I want to visualize the difference between two dots with a line / line in ggplot2.
Suppose we have some data on income and expenses as a time series. We would like to visualize not only them, but also the balance (= income - expenses). In addition, we would like to indicate whether the balance was positive (= surplus) or negative (= deficit).

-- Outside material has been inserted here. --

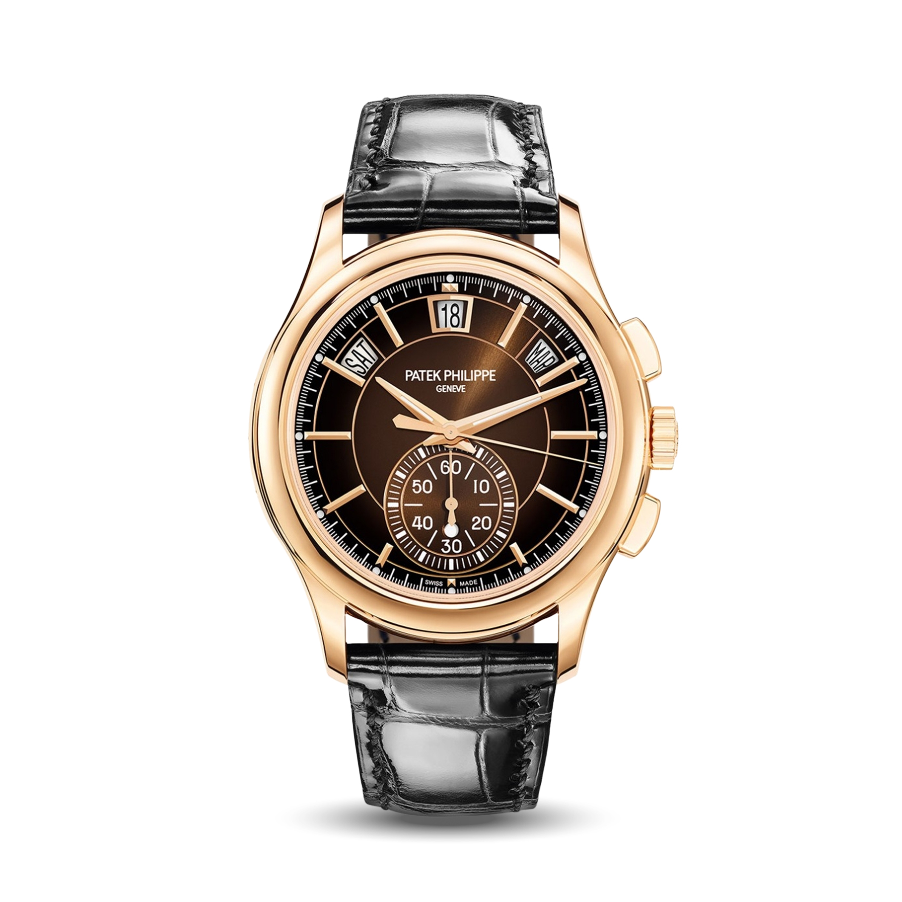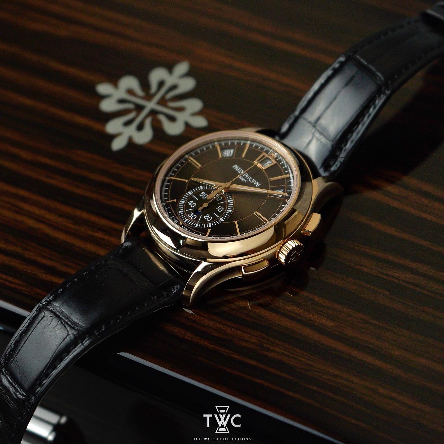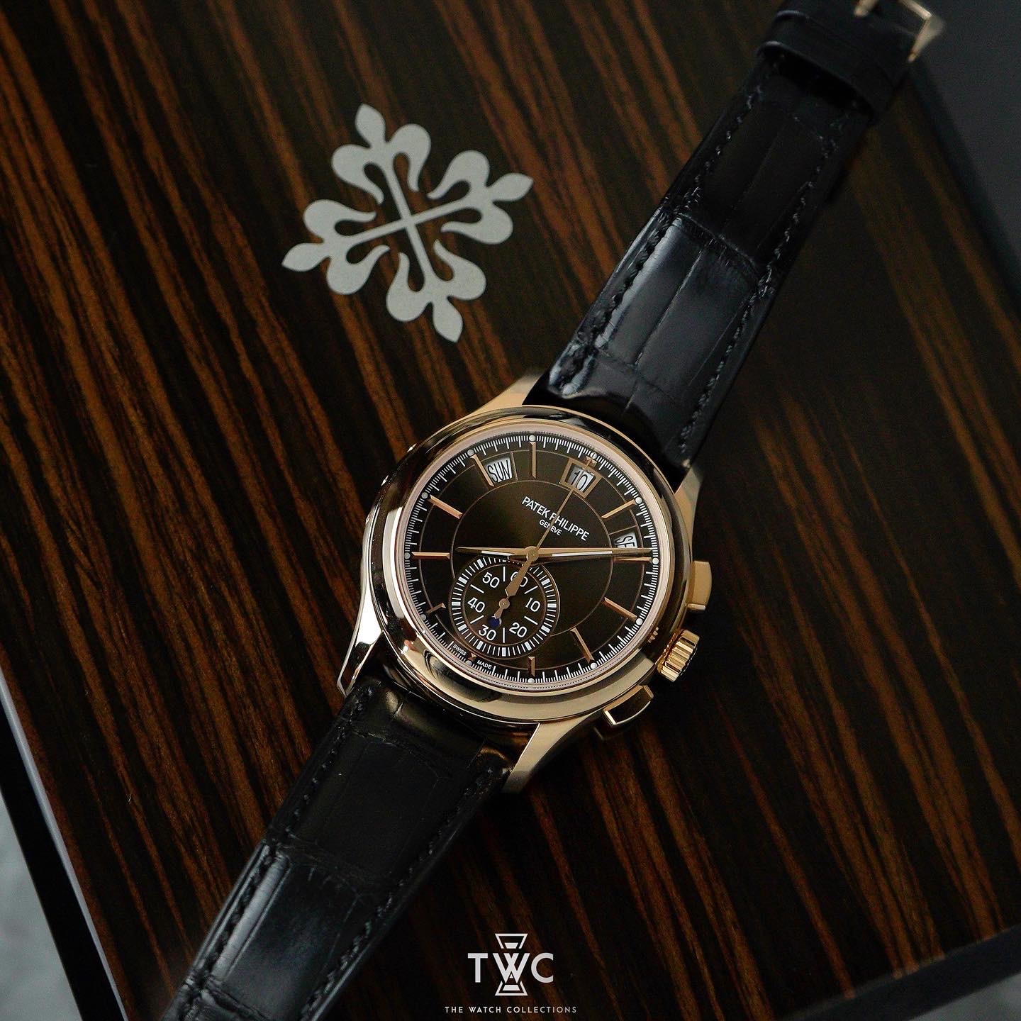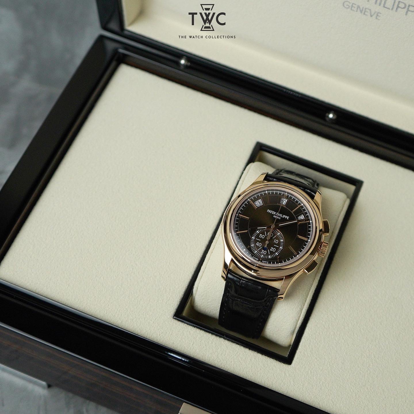 The Patek Philippe 5905R perfectly combines a chronograph and annual calendar in an elegant rose gold case. Ideal for collectors who appreciate luxury and high-precision watchmaking.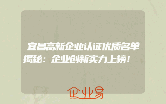 - 宜昌高新企业认证优质名单揭秘:企业创新实力上榜!

I tried several approaches, but none of them gave a satisfactory result. Here we give a reproducible example.
library(dplyr)
library(ggplot2)
library(tidyr)
df <- data.frame(year = rep(2000:2009, times=3),
var = rep(c("income","spending","balance"), each=10),
value = c(0:9, 9:0, rep(c("deficit","surplus"), each=5)))
df
1.Approach with LONG data
It is not surprising that it does not work with LONG data, because the arguments geom_linerange yminand ymaxcannot be specified correctly. ymin=value, ymax=value- this is certainly the wrong way (expected behavior). ymin=income, ymax=spendingalso clearly erroneous (expected behavior).
df %>%
ggplot() +
geom_point(aes(x=year, y=value, colour=var)) +
geom_linerange(aes(x=year, ymin=value, ymax=value, colour=net))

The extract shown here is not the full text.